Потолкавшись на базаре, где торговали кашемировыми шалями, манчестерскими сукнами, лионскими кружевами, Дрон с Алешкой завернули в харчевню.
В низкой полутемной харчевне было чадно и людно. Бродячие музыканты, положив на пол барабаны и бубны, жевали баранину. Грузчики торопливо поедали круглые пироги. Дервиш с тяжелой ржавой цепью на голой костлявой груди качал головой, как маятник, и все повторял, повторял: «Аллах, Аллах, Аллах…» Рядом с ним лежал навзничь изжелта-бледный человек, лежал и ухмылялся бессмысленно: он был опьянен гашишем – клейким дурманящим веществом, добытым из индийской конопли.
Дрон и Алешка сели на каменную низенькую скамеечку. Мальчишка в грязном переднике подал им медное блюдо с мясом. Дрон подтолкнул Алешку локтем:
– Спроси-ка водки.
– Эт-та, Дронушка, можно. Только вот какой, брат, пожелаешь? – Он вдруг стал разговорчивым. – Есть у них финиковая. Сла-абая. А есть изюмная. Еще куда ни шло. Конечно, перед нашей, христианской, из хлебушка, нипочем ей не устоять. Ни-ни, и не жди, нипочем!
– Ну, – слукавил Дрон, – может, в таком разе никакой не надо?
– То есть как же не надо? – испугался Филимонов. – Эй! – окликнул он мальчишку и, когда тот вынырнул, стал ему толковать, в чем у них с приятелем надобность, и все эдак на Дрона косился: видал, мол, как мы с ним говорить можем…
Из харчевни выбрались не то чтобы в подпитии, но в хорошем, так сказать, расположении «понятий». Филимонов оказался куда как речист.
– Каир-то, – говорил, любовно на Дрона поглядывая, – он ведь ничего себе, Каир, а уж коли с земляком, совсем ничего себе…

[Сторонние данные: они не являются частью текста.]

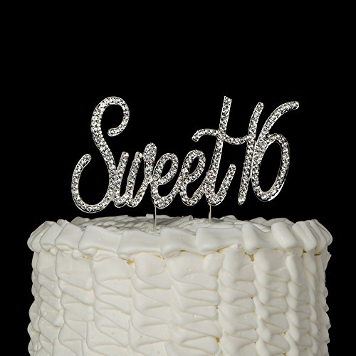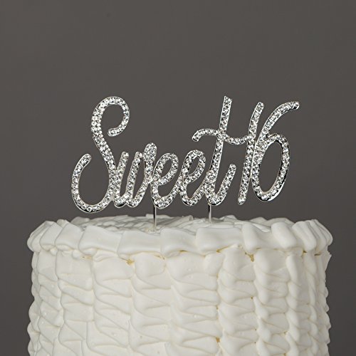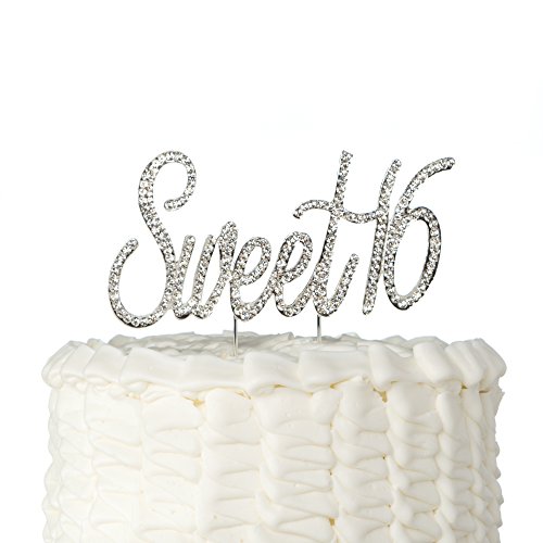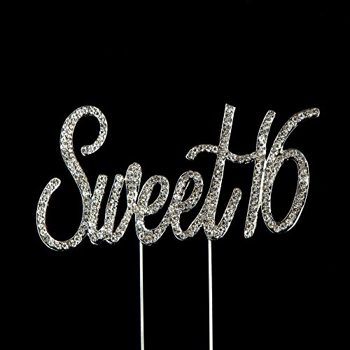Sweet 16 Cake Topper Crystal Rhinestone 16th Birthday Decoration Supplies ("Sweet 16" Silver)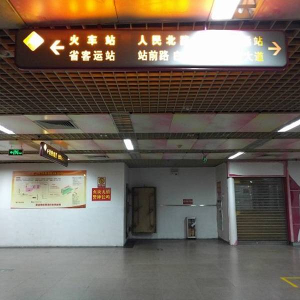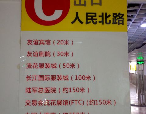 这个C出口,指示标记也不是很清晰,从友谊剧院往火车站走的话,在人行天桥底,有一个地下通道的入口,就是C口,该口子顶上红底黄字的招牌写着“地中海聚宝商业城”,从这里进去沿着通道原路返回就可以到地铁了。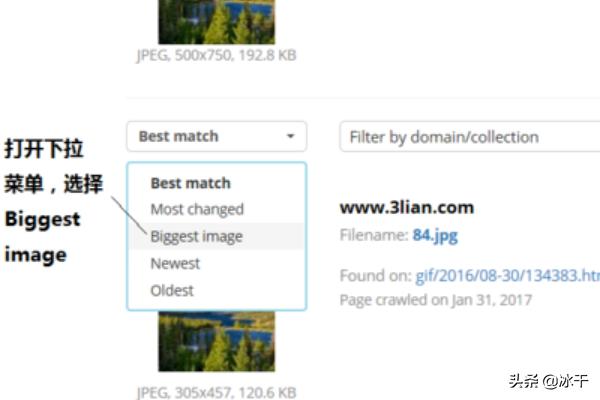 4、网站马上为我们找出了这张图片的许多版本,但怎么知道哪一张是原图呢?是这样的,后来转发的人通常会对图片进行压缩、切割处理,因此绝大多数情况下最大的图片就是原图。我们点开左边的下拉菜单,选择Biggest image。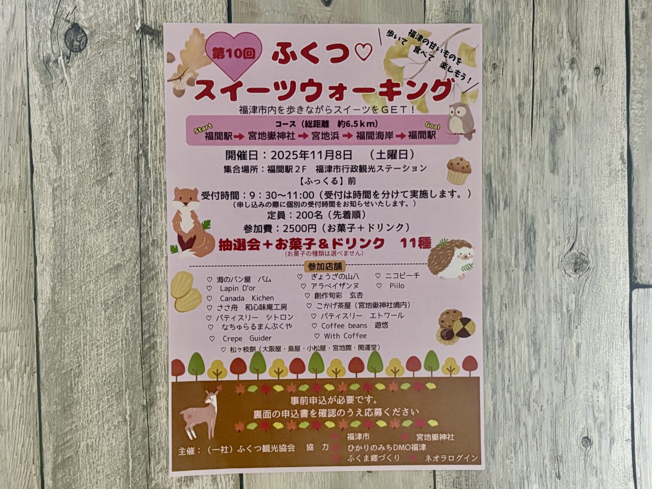 2025年11月8日(土)、福津市内で『第10回 ふくつ♡スイーツウォーキング』が開催されます。毎年大好評の人気イベントで、2025年度で10回目を迎えます。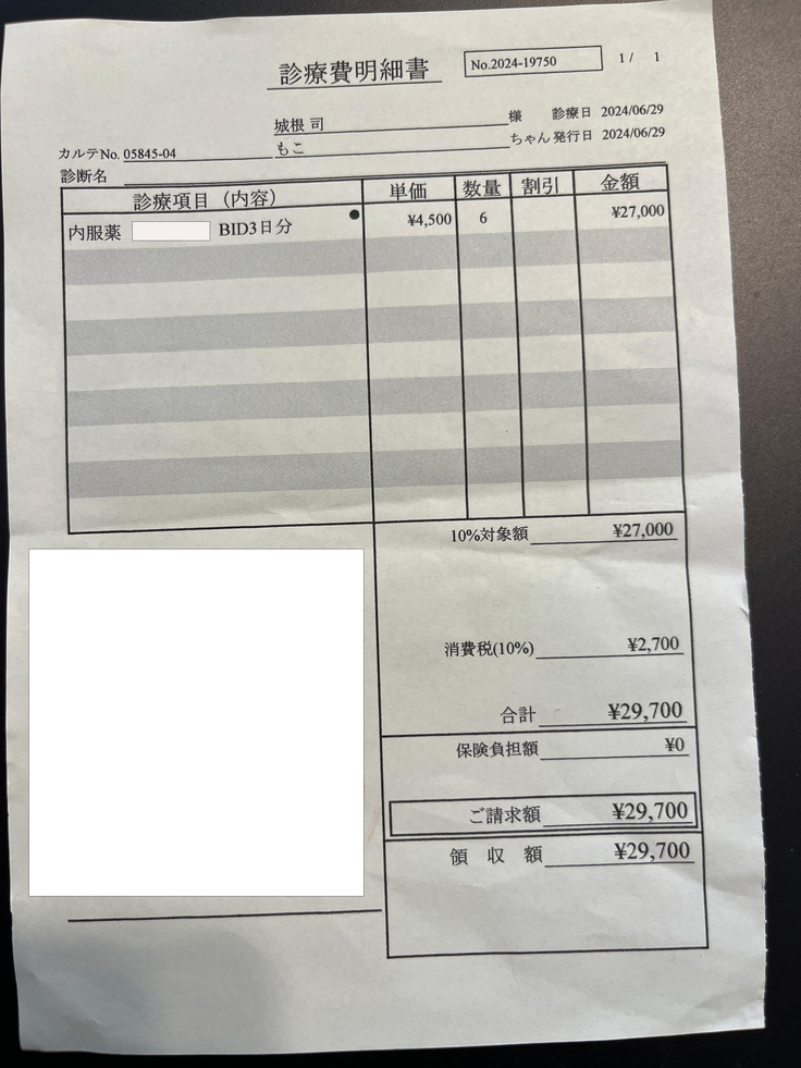 高額治療のため、保険適用外であれば治療をあきらめようかと一瞬思ったのですが、次の治療で獣医さんに、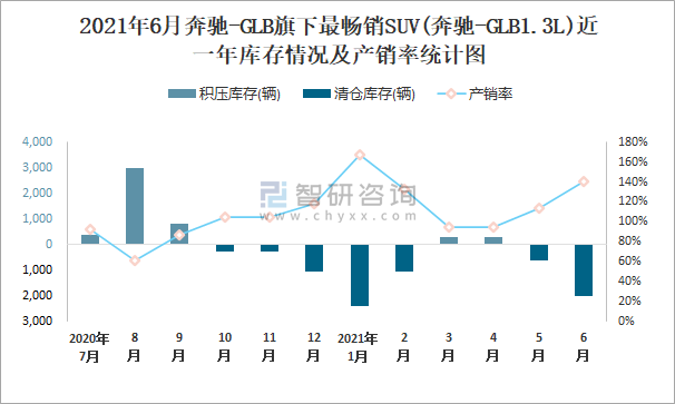 2021年6月奔馳-GLB旗下最暢銷SUV(奔馳-GLB1.3L)近一年庫存情況及產銷率統計圖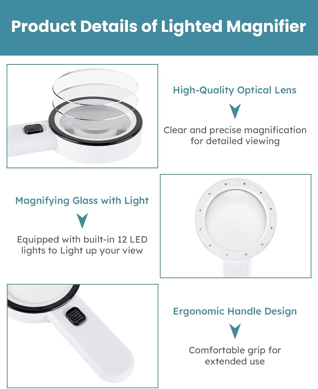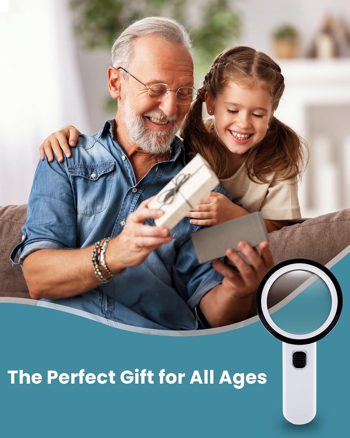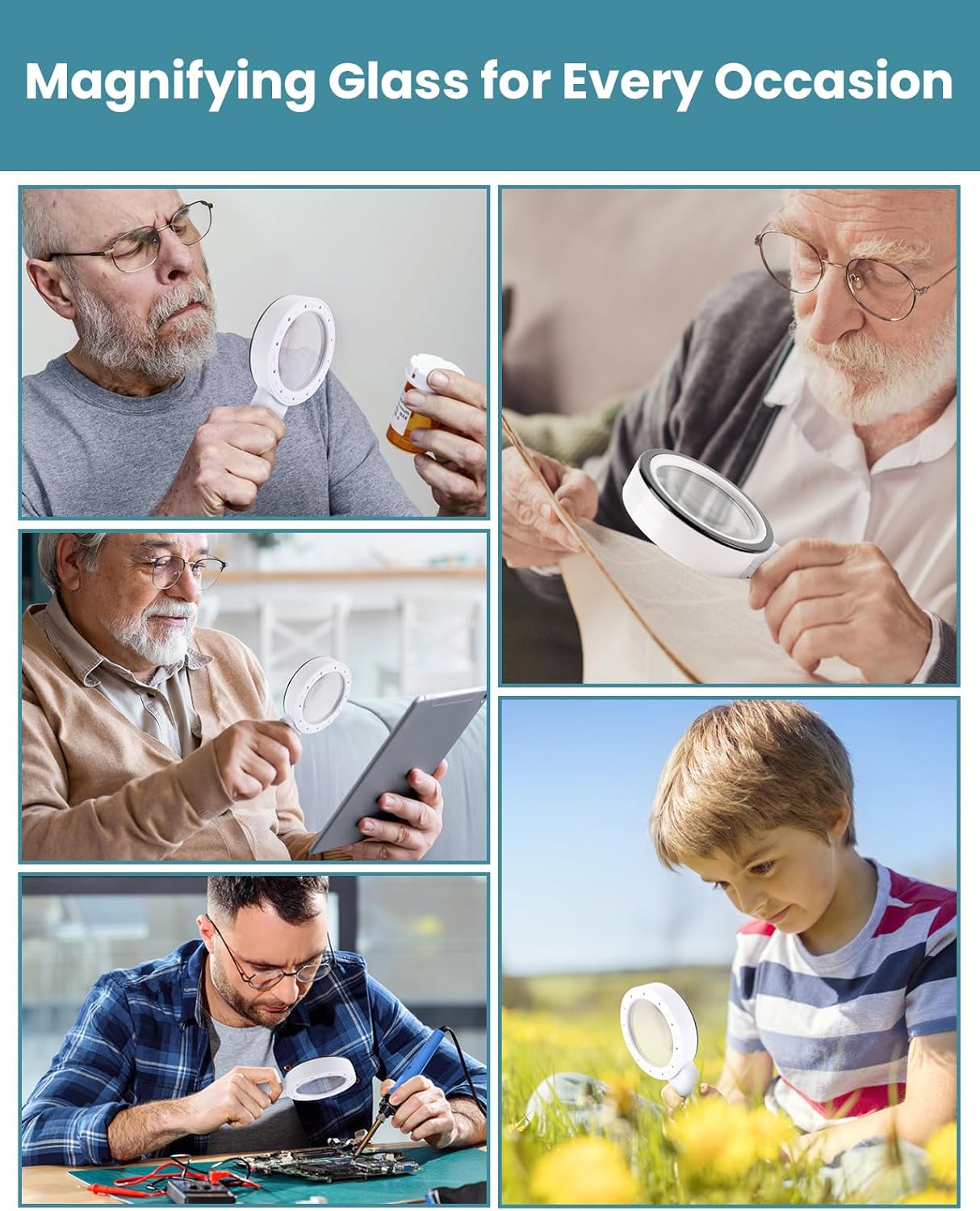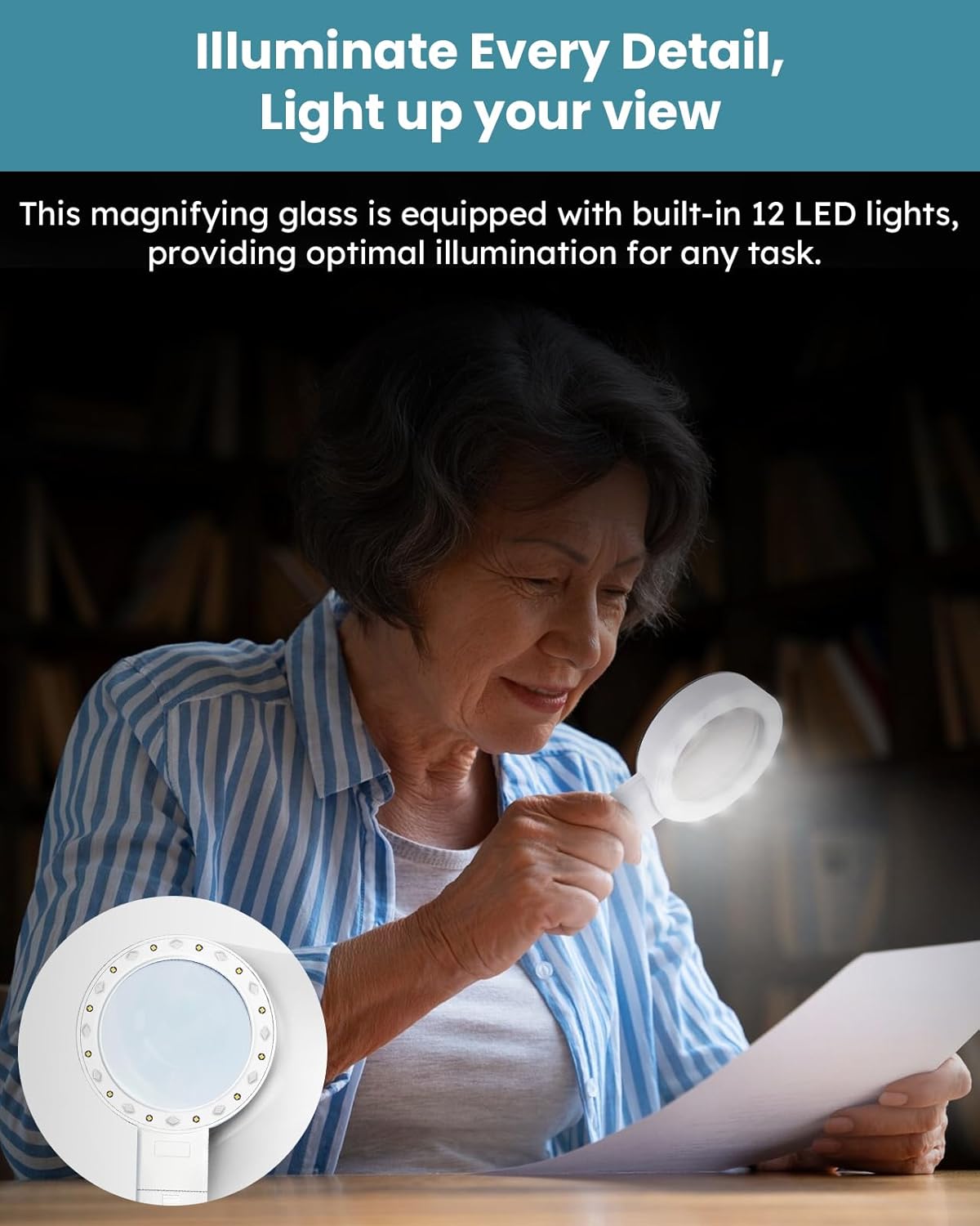 【Excellent Lighted Magnifying Glass】This magnifier features 12 ultra-bright LED lights. The LED lights are designed to provide comfortable reading in the dark without straining the eyes. With this magnifier with light, users can enjoy extended reading sessions without discomfort. The healthy LED lights ensure that you can read for long periods without experiencing eye fatigue, making it a great magnifying glass for reading, especially in low-light conditions

Шли неспешно. Чем день плох? В полное удовольствие денек выдался, лучше не придумаешь. У большого здания с обширными дворами и множеством ворот, из-за которых доносился гул голосов, Алешка сказал:
– А тут, Дронушка, торг людями ведут.
То был невольничий рынок Окальт аль-Гелаб. Караваны с рабами стекались сюда из глубин Африки. Текли под однозвучный верблюжий колокольчик, под окаянное хлопанье ременных бичей. Караваны шли с нагорья, ржавого, как выцветшая кровь, с топких берегов суданских рек, из-за экватора, окутанного изумрудной полутьмой влажных дремучих лесов. Караваны шли в Каир мимо мраморных фонтанов и резных балкончиков, украшенных изречениями о людской доброте и божьей справедливости. Шли нубийцы, суданцы, эфиопы, шли мужчины, женщины, дети. И продавали их здесь, на невольничьем рынке благословенного Каира.
В покупателях – арабах и турках – недостатка не было. Покупатели щупали у рабов мускулы, наклоняя при этом голову набок, словно задумываясь или прислушиваясь к чему-то, покупатели торговались с владельцами рабов и перебранивались друг с другом. А рабы дожидались своей участи молча, с какой-то каменной безучастностью, и только в глазах у них, в этих неподвижных глазах с резкими белками, была такая печаль и такой ужас, что Алексей Филимонов замолк, а у Дрона как-то странно и тяжело расширилось сердце, будто вся кровь вдруг в него прихлынула и там, в сердце, остановилась.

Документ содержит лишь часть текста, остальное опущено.